This is just a mind fart of mine, but if you have a bit of a twisted sense of fun, you may enjoy this.
We're all used to counting 1, 2, 3... And those of use that program are used to counting in other systems like binary (0, 1, 10, 11, 100, 101, 111, 1000...), or octal (0, 1, 2, 3, 4, 5, 6 7, 10, 11, 12, 13, 14, 15, 16, 17, 20...) or hexidecimal (0, 1, 2, 3, 4, 5, 6, 7, 8, 9, A, B, C, D, E, F, 10, 11, 12, 13, 14, 15, 16, 17, 18, 19, 1A, 1B...) or whatever. But no matter which one you are using, you are still using a base 'n' system, where decimal is base 10, binary is base 2, octal is base 8 and hexadecimal is base 16.
But just for the sake of musing, what about a non-base n system? I'd like to briefly outline a simple musing on base 'prime', where the base is any traditional base, but instead of counting, we uniquely enumerate occurances in a set with primes and set a final value that tells us how many of each element there are. i.e. You end with 2 numbers, the final sum, and the number of items in the original set, and an enumeration (pairing of prime numbers to unique elements from the set). (You don't actually need the number of items in the original set because you have the enumeration, and the number of enumerators is equal to the number of items in the original set.)
The number of elements in your set determines the highest prime that you use as well as the 'prime' base multiplier. The prime base multiplier determines the lowest possible number of the next prime number in your series of primes that you use to enumerate the elements in your set with. This is always given as you know the number of elements in the set.
As a simple example, consider that your set consists of only 2 elements. Your first prime is always 2. The next prime enumerator will be 5. We get this by using the prime base multiplier by the number of elements, in this case 2, i.e. 2*2 = 4. Since 4 is not prime (trivially true), we go to the next higher prime, which is 5.

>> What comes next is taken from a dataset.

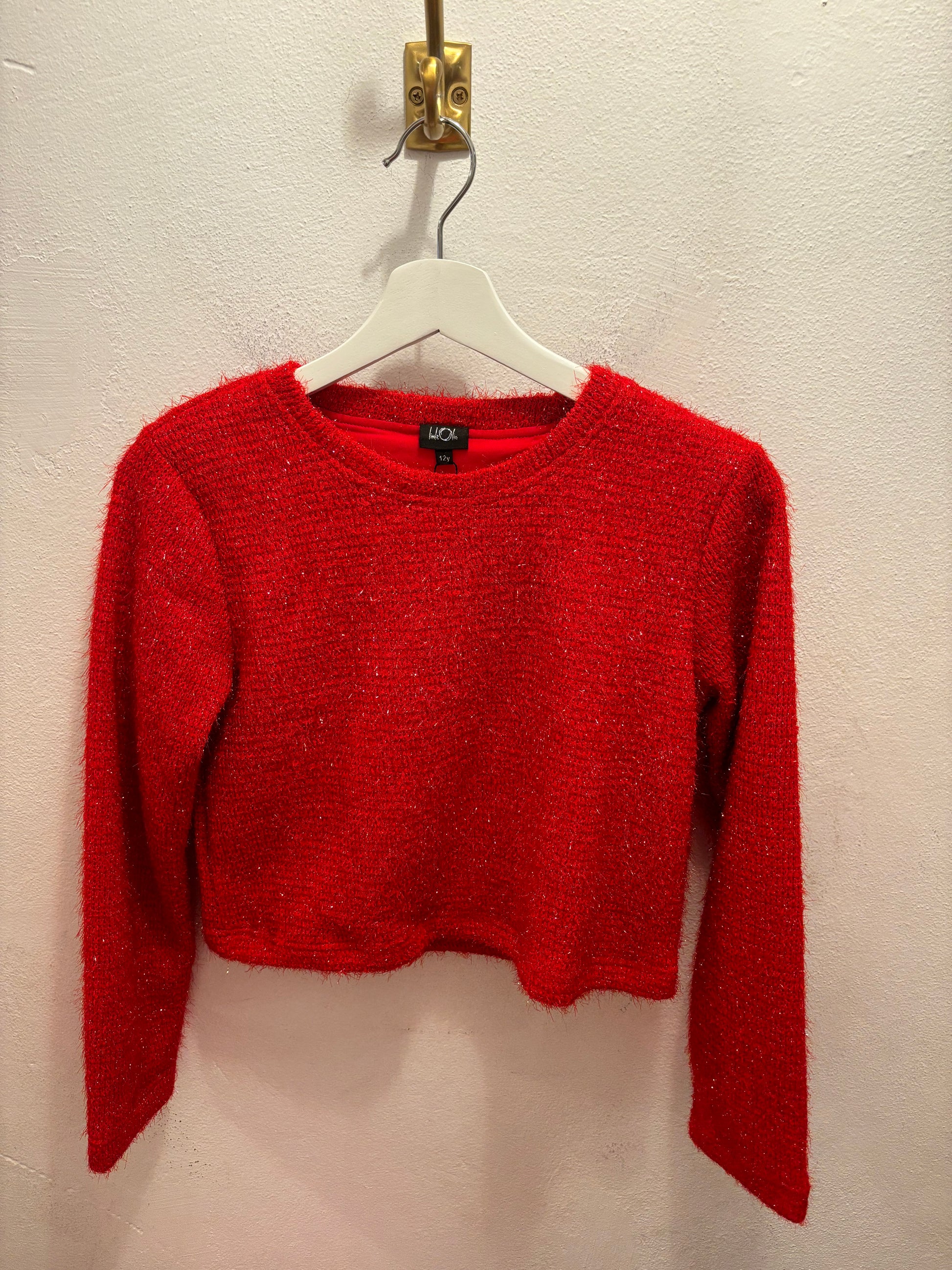Introducing our latest addition - the Red Sparkle Sweater LO from little Olin. Available in tween sizes, this cozy yet stylish sweater features a subtle sparkle that adds a touch of glamour to any outfit. Perfect for colder months, stay warm while looking fabulous in this must-have piece.

To count/enumerate our elements, we simply count occurances of non-unique elements in our set and assign them a prime enumerator, then multiply the number of occurances by the prime enumerator. So, consider our set consists of {John, John}. Our prime enumerators are 2 and 5. We go to our first element, 'John', and assign that value to the prime enumerator 2, then advance to our next element, 'John'. We now have 2 occurances of 'John' assigned to the prime enumerator 2, and 2x2=4, so we sum all of our products (product [4] = prime enumerator [2] * occurances of item {John} in the set [2]).
The end result is that we have a single number [4] that combined with the enumerator assignment [2 : John, 5 : Nothing] uniquely tells us how many of each item are in the set.
Now, here's the question: Does the above outlined system work? True or false.
If you need some help, here are the first 5 in the series for sets with 1, 2, 3, 4 and 5 elements:
|
# of Elements
in Set |
First
Enumerator |
Second
Enumerator |
Third
Enumerator |
Fourth
Enumerator |
Fifth
Enumerator |
|
1 |
2 |
- |
- |
- |
- |
|
2 |
2 |
5 |
- |
- |
- |
|
3 |
2 |
7 |
23 |
- |
- |
|
4 |
2 |
11 |
47 |
191 |
- |
|
5 |
2 |
11 |
59 |
307 |
1543 |